*** Material provided ***

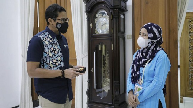 Menteri Pariwisata dan Ekonomi Kreatif (Menparekraf) Sandiaga Uno mendapatkan hadiah dari Izuryani (37), pelaku kriya aksesoris dan perhiasan di Pacitan. Ia terkejut mendapatkan sebuah kalung khusus untuk sang istri, Nur Asia Uno.
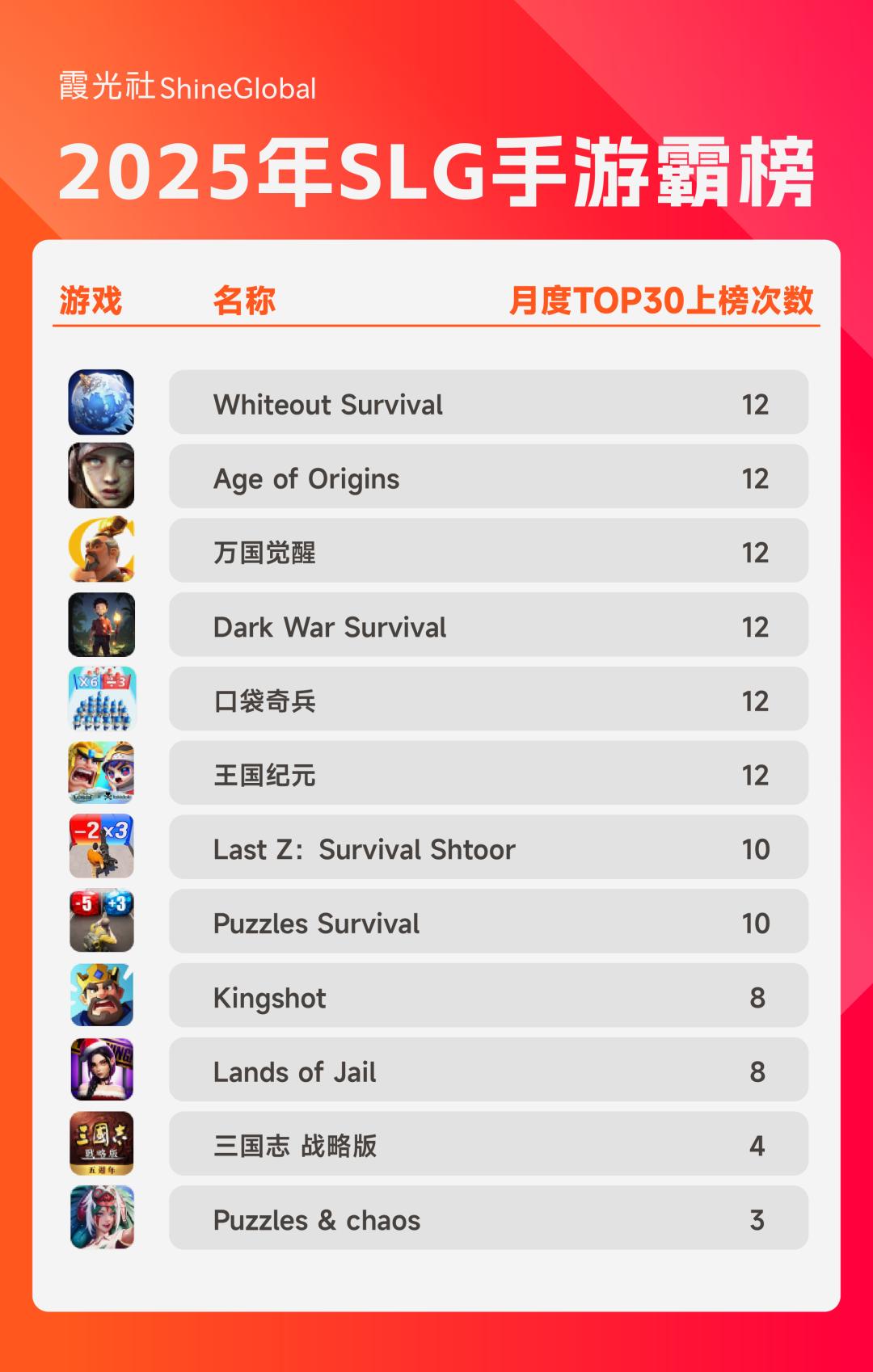 2025年月度国产手游海外收入Top 30中,SLG几乎一年时间里,都占据榜单的三分之一。
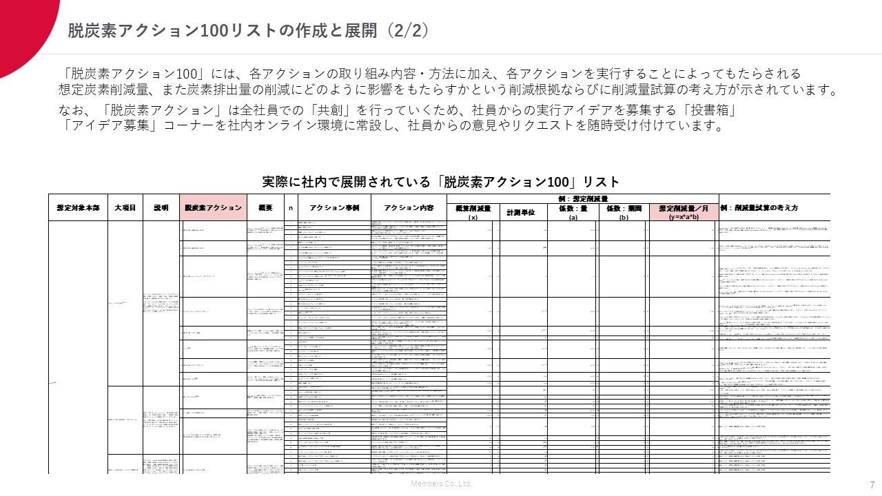 「脱炭素アクション100」実施レポート:https://www.slideshare.net/Memberscorp/100-5819
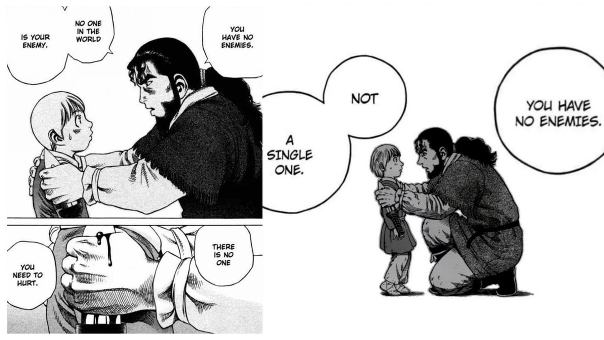 — «Сага о Винланде» отличается тонким подходом к повествованию, затрагивающим важные темы для взрослеющих подростков. Многие люди начинают читать сёнэн-мангу именно в юные годы, и она может быть более жестокой, чем ваша. Какой бы урок вам хотелось, чтобы читатели извлекли из «Саги»?
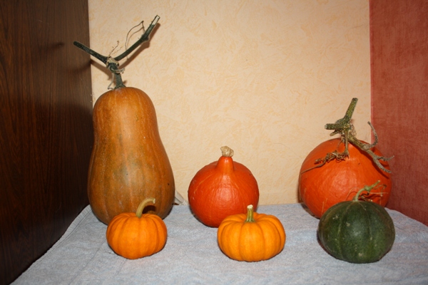 La récolte des courges de garde a commencé : deux grosses Sucrine du Berry (il en reste à cueillir), quelques potimarrons (il en reste aussi à cueillir) et toutes les "Pommes d'or".
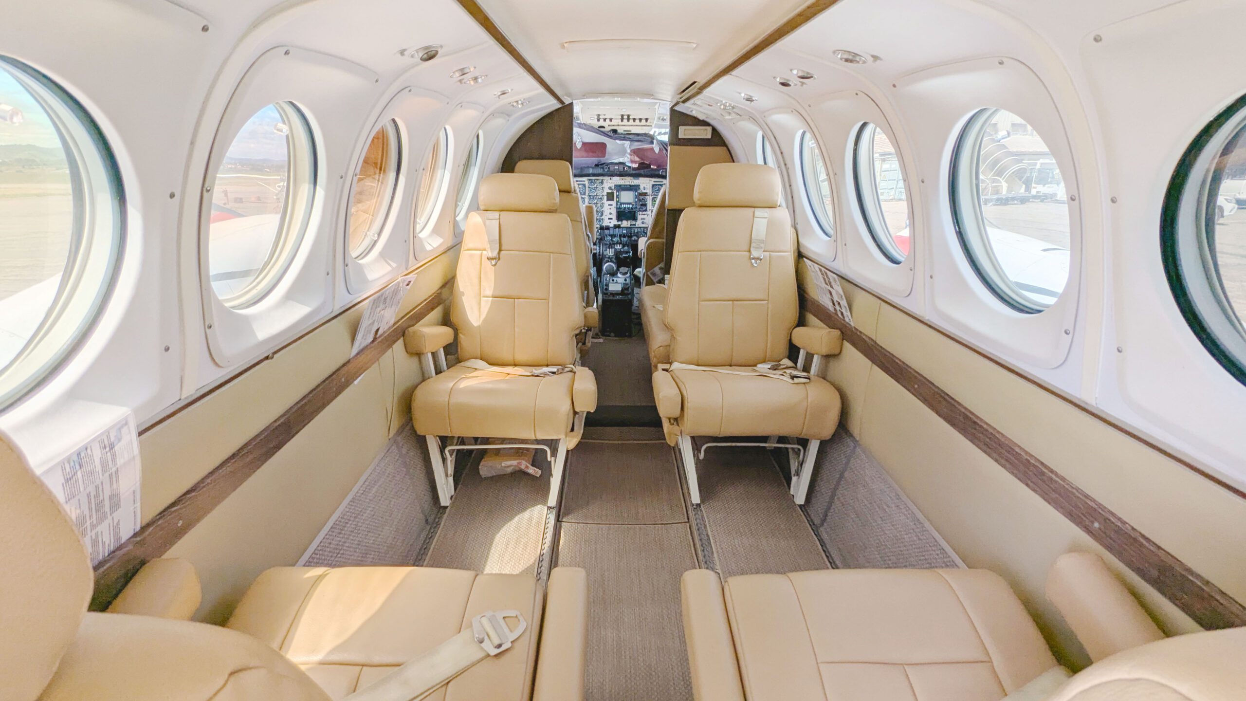 The Super King Air 200 is a twin-engine turboprop with 850 horsepower per engine. It offers two cabin versions:
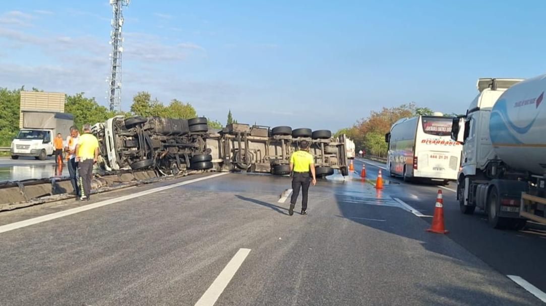 Kaza, sabah saatlerinde Anadolu Otoyolu'nda meydana geldi. İstanbul istikametine giden yabancı plakalı etilen glikol yüklü tanker, sürücüsünün direksiyon hakimiyetini kaybetmesi sonucu kontrolden çıkarak orta refüje devrildi.
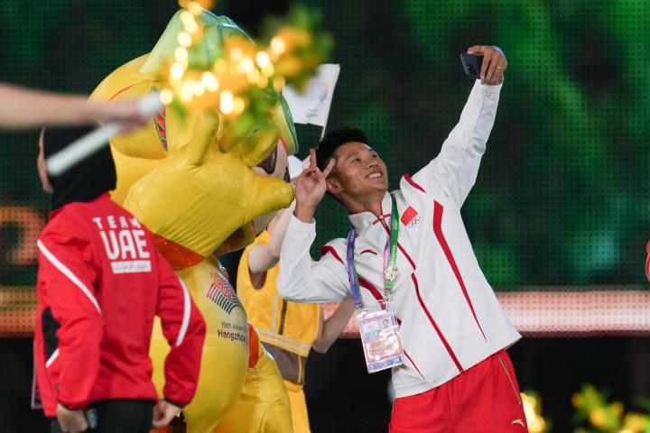 谢震业作为中国代表团闭幕式旗手入场
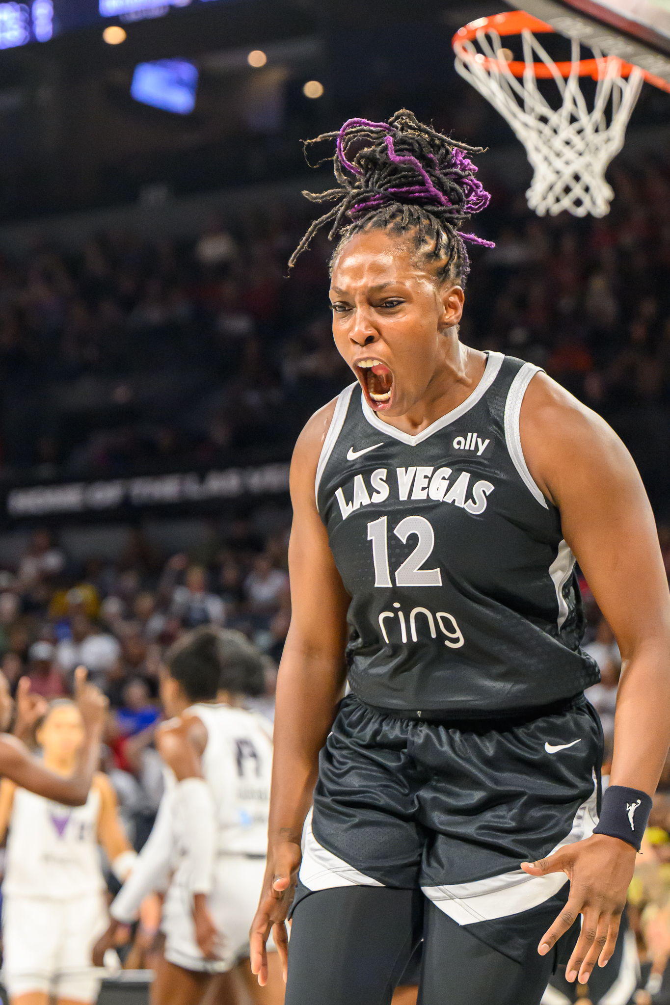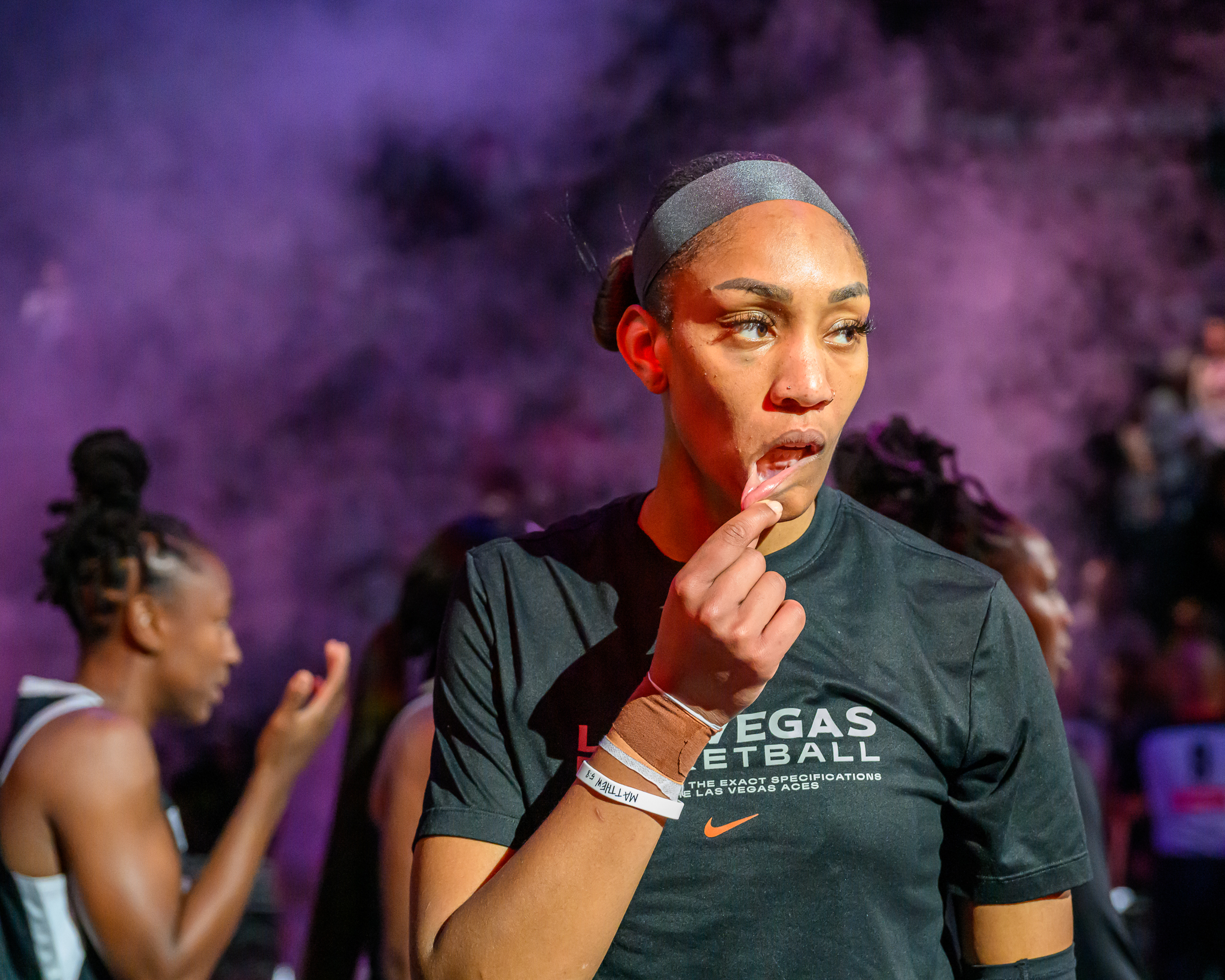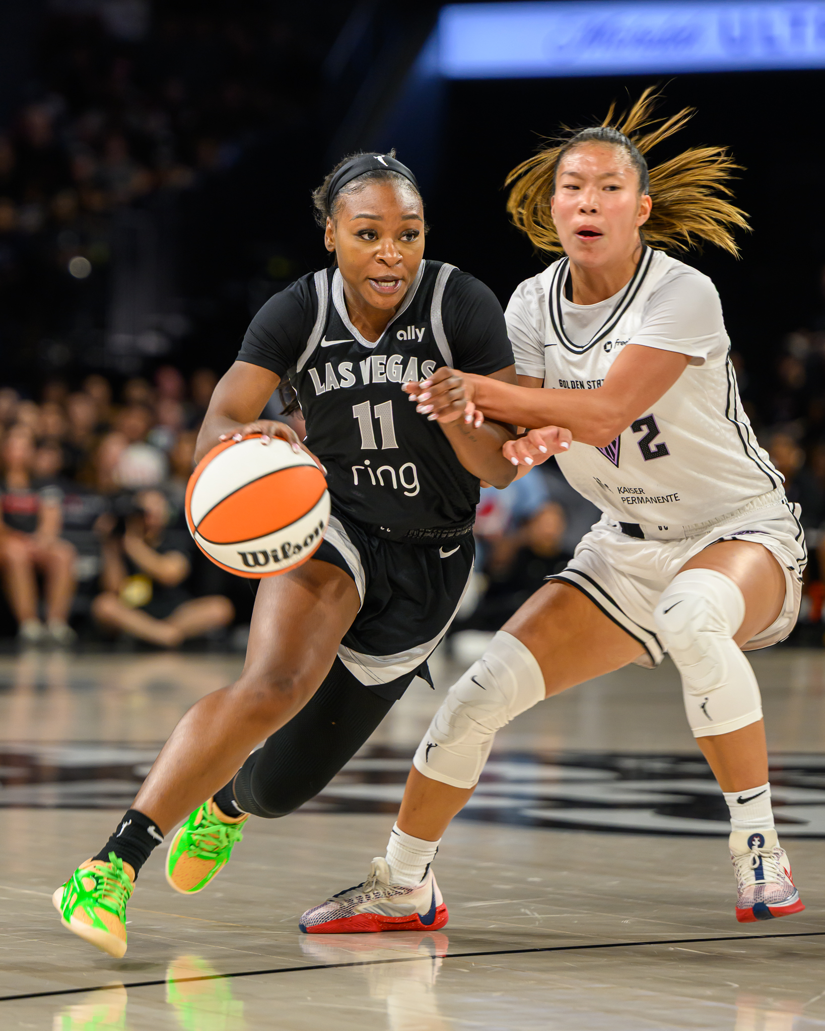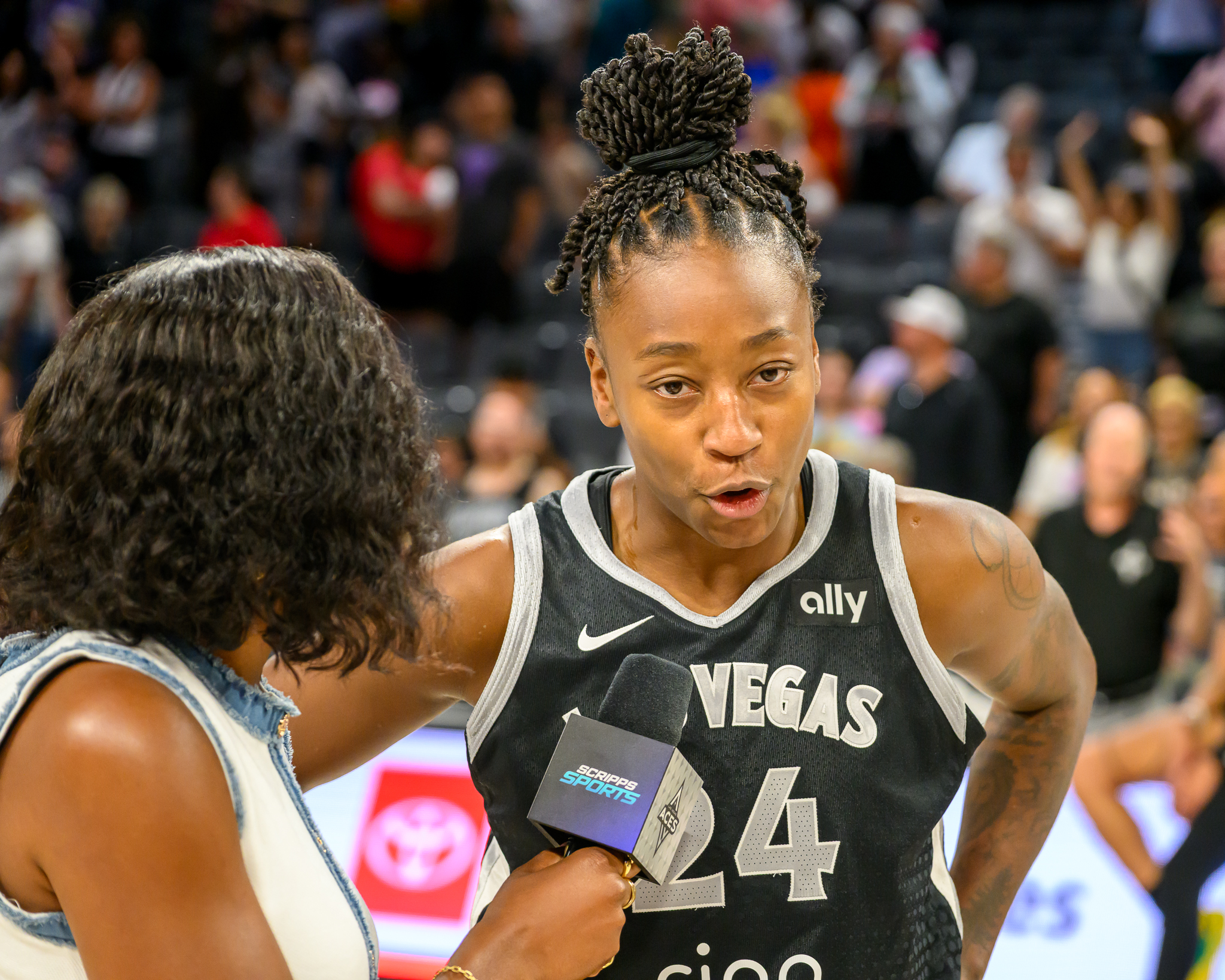 Late in the first half, the Aces led, 43-22, after an A’ja Wilson three-point play as Aces stepped up their defensive play. They held Golden State to a mere 25 points in the first half and enjoyed a 25-point lead after the first 20 minutes. Halftime: Aces 50 Valkyries 25.

*** End of Material provided ***

- [Brief]
Set down nothing but the lines from the one containing "The Super King" to the final line above, both included, with every picture left out.

- [Reply to the task]
 The Super King Air 200 is a twin-engine turboprop with 850 horsepower per engine. It offers two cabin versions:
 Kaza, sabah saatlerinde Anadolu Otoyolu'nda meydana geldi. İstanbul istikametine giden yabancı plakalı etilen glikol yüklü tanker, sürücüsünün direksiyon hakimiyetini kaybetmesi sonucu kontrolden çıkarak orta refüje devrildi.
 谢震业作为中国代表团闭幕式旗手入场
 Late in the first half, the Aces led, 43-22, after an A’ja Wilson three-point play as Aces stepped up their defensive play. They held Golden State to a mere 25 points in the first half and enjoyed a 25-point lead after the first 20 minutes. Halftime: Aces 50 Valkyries 25.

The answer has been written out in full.